Come ricorderà chi ha letto il Don Chisciotte, nel sesto capitolo della prima parte il curato e il barbiere procedono allo spoglio, piuttosto sommario, della biblioteca che sembra essere la causa principale della follia chisciottesca, per riporne alcuni al sicuro e mandare al rogo la maggioranza dei libri dell’anziano gentiluomo di campagna don Alonso, rincasato dopo la disastrosa prima sortita. Poiché la governante procede con entusiasmo a una prima defenestrazione dei volumi, capita che avendone presi troppi, «uno cadde ai piedi del barbiere; il quale allora volle vedere che cosa era, e vide che si diceva Storia del famoso cavaliere Tirante il Bianco.

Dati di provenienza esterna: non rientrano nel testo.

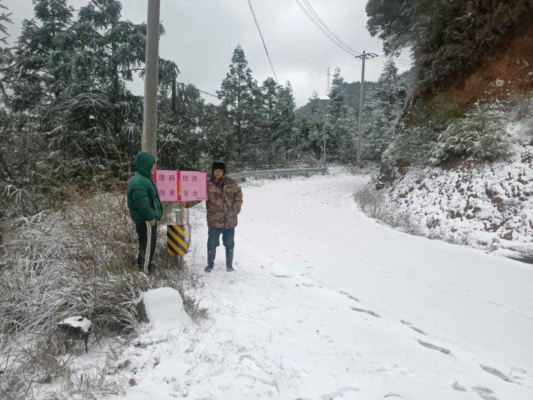 此外,为了最大限度减少雨雪对道路交通安全的影响,乡道路交通安全劝导站干部第一时间及时清除路面障碍,在道路结冰路段设置警示标志8块,部分村两委、党支部连夜带头清扫道路积雪;出动交通安全劝导车辆12辆,对过往出行的群众进行交通安全劝导,提醒他们不必要不外出或减少外出、外出慢行,确保群众生命财产“双安全”。
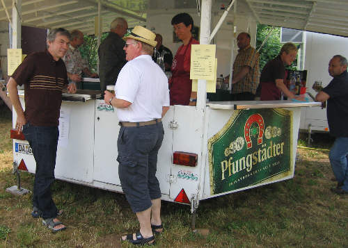 Der Getränkeausschank am Bierwagen ist eröffnet, Dieter begrüßt den Bürgermeister. |
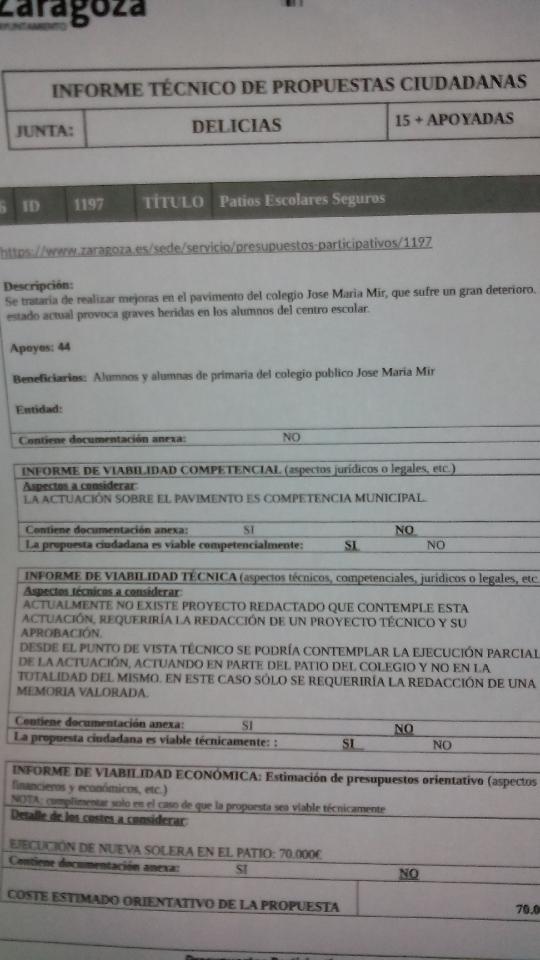 En la anterior convocatoria de Presupuestos Participativos (2017), se realizaron obras de mejora en el pavimento del patio del colegio citado, pero se hizo parcialmente, actuando solamente en parte del patio del colegio y no en la totalidad del mismo, debido a cuestiones técnicas (como se puede observar en el informe técnico que se adjunta como imagen).
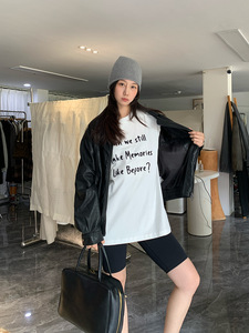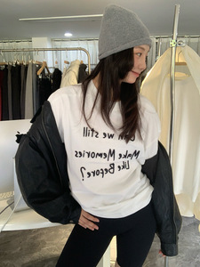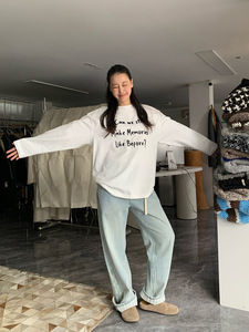 SROOM十三行简约百搭字母圆领宽松长袖T恤女打底衫纯棉牙刷绣上衣
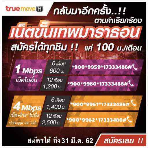 เน็ตทรูไม่อั้น 4Mbps + โทรในเครือข่ายไม่อั้น 3 เดือน 1,200บ.กด*900*1795*17336012#โทรออก 6 เดือน 2,100บ.กด*900*9961*17336012#โทรออก 12 เดือน 3,600บ.กด*900*9962*17336012#โทรออก
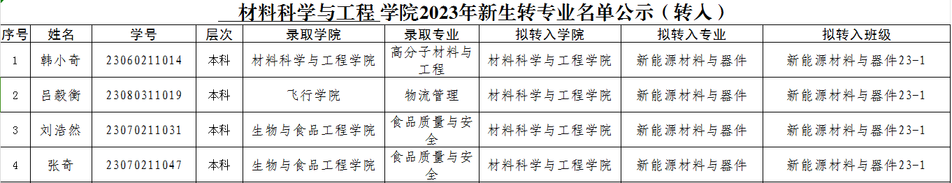 根据教育部《普通高等学校学生管理规定》(教育部第41号令)和河南省教育厅有关做好普通高等学校学籍管理工作文件精神,按照《388vip太阳集团学生转专业管理办法》,我院受理了有转专业意向的学生的书面申请,对申请转专业学生逐个进行了谈话和了解。经学院党政联席会议研究,现将2023年拟同意转入、转出学生的信息公示如下,公示期3天,从2023年12月12日至2023年12月14日,若有异议请实名向材料学院反映。公示结束后,学院将按照学校统一规定办理转专业手续。
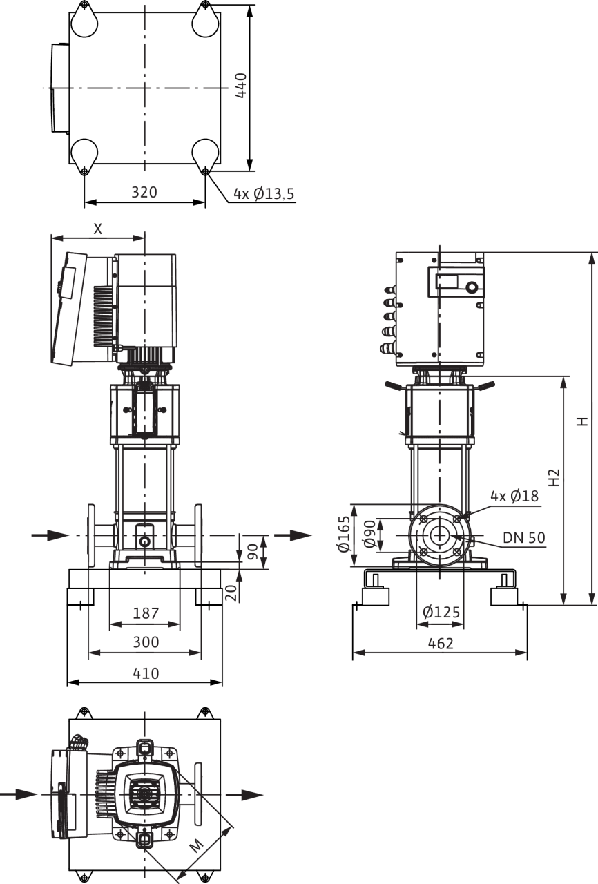 Высокоэффективный многоступенчатый высоконапорный центробежный насос с электронно-коммутируемым двигателем, вертикального исполнения, с интегрированным приводом High-Efficiency Drive и линейными подсоединениями. Встроенный частотный преобразователь позволяет осуществлять плавную регулировку частоты вращения, давления и ПИД-регулировку.
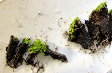 note que mesmo cortadas as mudas estão unidas ainda e cada carpete rendeu 16 cubinhos de 1 cm, e mais alguns pedaços que acabam se destacando ao puxar
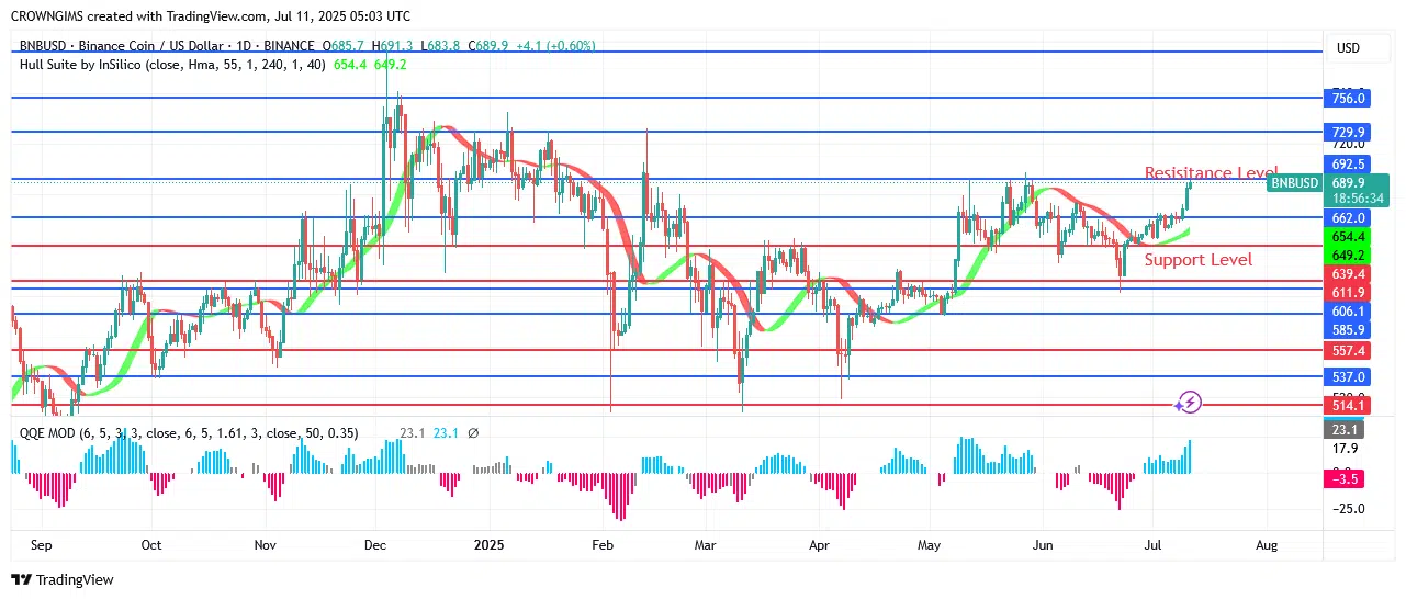 The Hull Suite FX data indicates that the price of the BNBUSD is presently rising above the cryptocurrency’s indicators. If buyers can hold onto the $662.3 support position and break above the $692.4 resistance position, they might be able to push the price to test the $729.9 and $756.0 resistance levels. BNB should aim for the previous lows of $640.5 and $606.8 if it can break below the crucial $662.3 hedge.
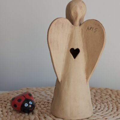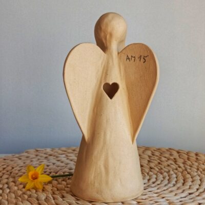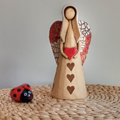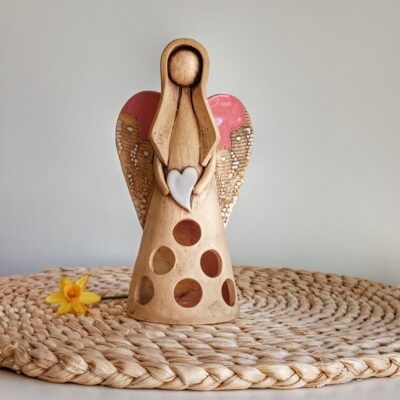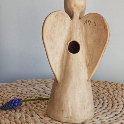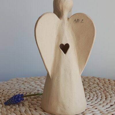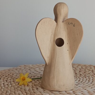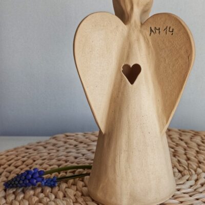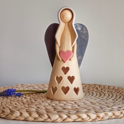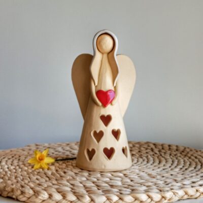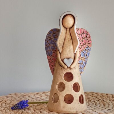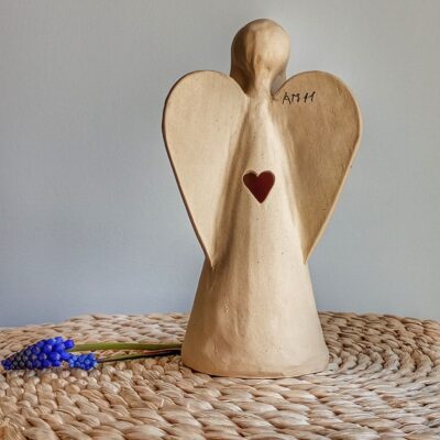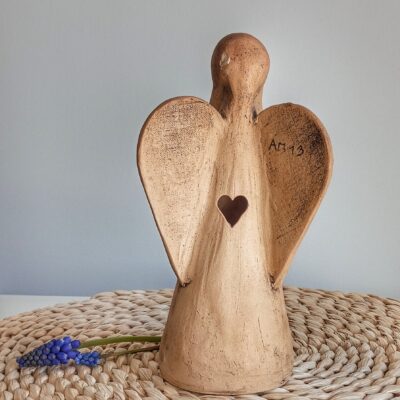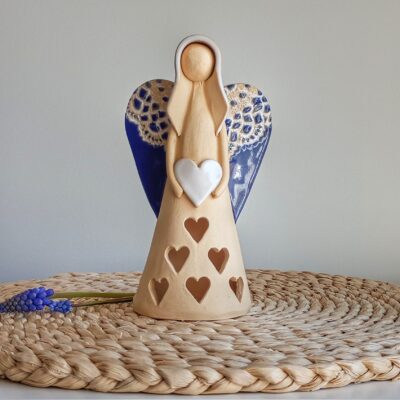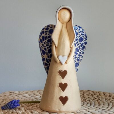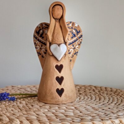 Keramický anděl je ručně modelovaný a malovaný.
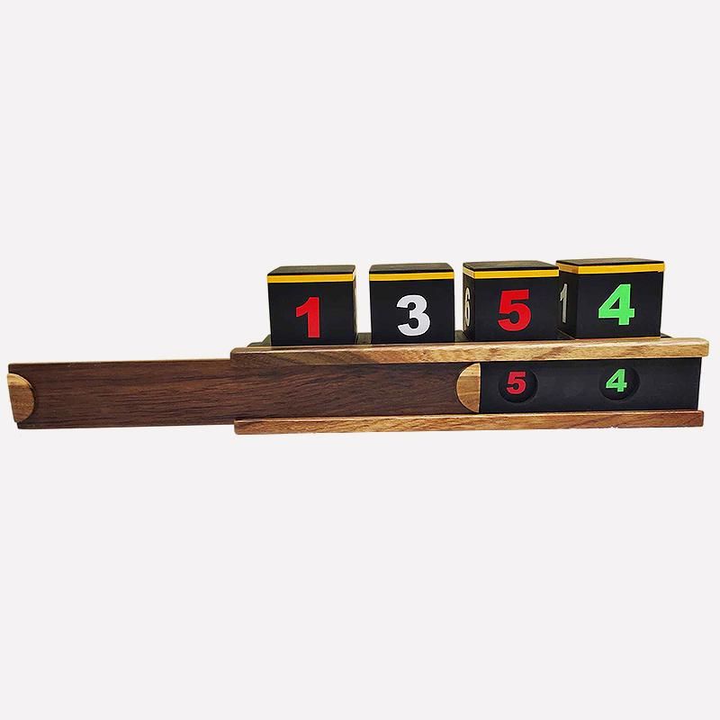 A display stand with four cubes displayed. Each cube has a variety of numbers and colours on each of four sides. Spectators freely choose how the cubes are arranged on the stand. In spite of the thousands of combinations, when the prediction is revealed, it's seen to match perfectly.
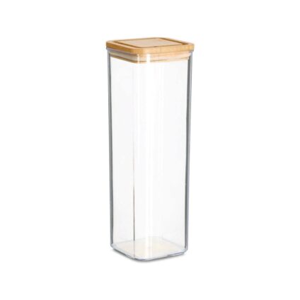Wohin mit Müsli, Pasta, Mehl und Co.? Die einfache Lösung: Diese praktische Vorratsdose mit Bambusdeckel. Diese transparente Vorratsdose ist aus transparentem Kunststoff hergestellt und einem nachhaltigem Deckel aus Bambus. Der Deckel schließt luftdicht und schützt den Inhalt vor jeglichen äußeren Einflüssen. So halten sich deine Vorräte lange frisch. Die Einkerbungen am Deckel ermöglichen nicht nur eine bessere Griffigkeit beim Öffnen des Deckels, die Vorratsdosen lassen sich hierdurch auch perfekt…
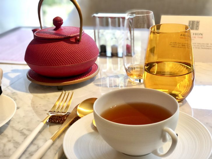 次に好みのお茶を用意してくれます。ひとつめは「ダージリン インペリアル」。驚いたのはピンクの「南部鉄器」の急須。目の前で繰り広げられるパリと京都のステージ。どっしりと重い急須で、インド産の華麗なお茶をいただきます。どこのティールームに行っても、紅茶のシャンパンと呼ばれるダージリンは必ずありますが、「茶の湯」をきっかけに江戸の世に誕生した「南部鉄器」でいただくダージリンは、より一層の深みとまろやかさを醸し出してくれます。
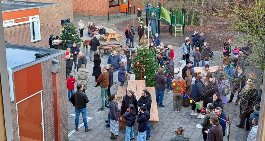 Om half twee werden de ouders op het kleuterplein getrakteerd op koffie, thee en warme chocolademelk. Op een groot scherm konden zij de door de leerlingen gemaakte kerstfilm bekijken. Na afloop gingen de kinderen met hun ouders mee naar huis om van hun welverdiende vakantie te genieten.

– Che il cielo m’assista! – gridò il curato. – C’è anche Tirante il Bianco! Qua, barbiere, qua, ché faccio conto di aver trovato un tesoro d’allegria e una miniera di divertimento. Qui c’è Don Chirieleison di Montalbano, valoroso cavaliere, e suo fratello Tommaso di Montalbano, e il cavaliere Fonseca, e il duello che il bravo Tirante ebbe con l’alano e le facezie della vedova Riposata, e la signora Imperatrice innamorata d’Ippolito suo scudiero. Davvero, caro barbiere, quanto a stile questo libro è il migliore del mondo; qui i cavalieri mangiano, dormono, muoiono nel loro letto, e prima di morire fanno testamento e molte altre cose che non si trovano negli altri libri di questo genere. Tuttavia il suo autore, per tutte le stravaganze che ci mise senza bisogno, meritava che lo mandassero in galera per tutto il resto della sua vita. Portatelo a casa e leggetelo e vedrete se non è vero quel che vi ho detto.»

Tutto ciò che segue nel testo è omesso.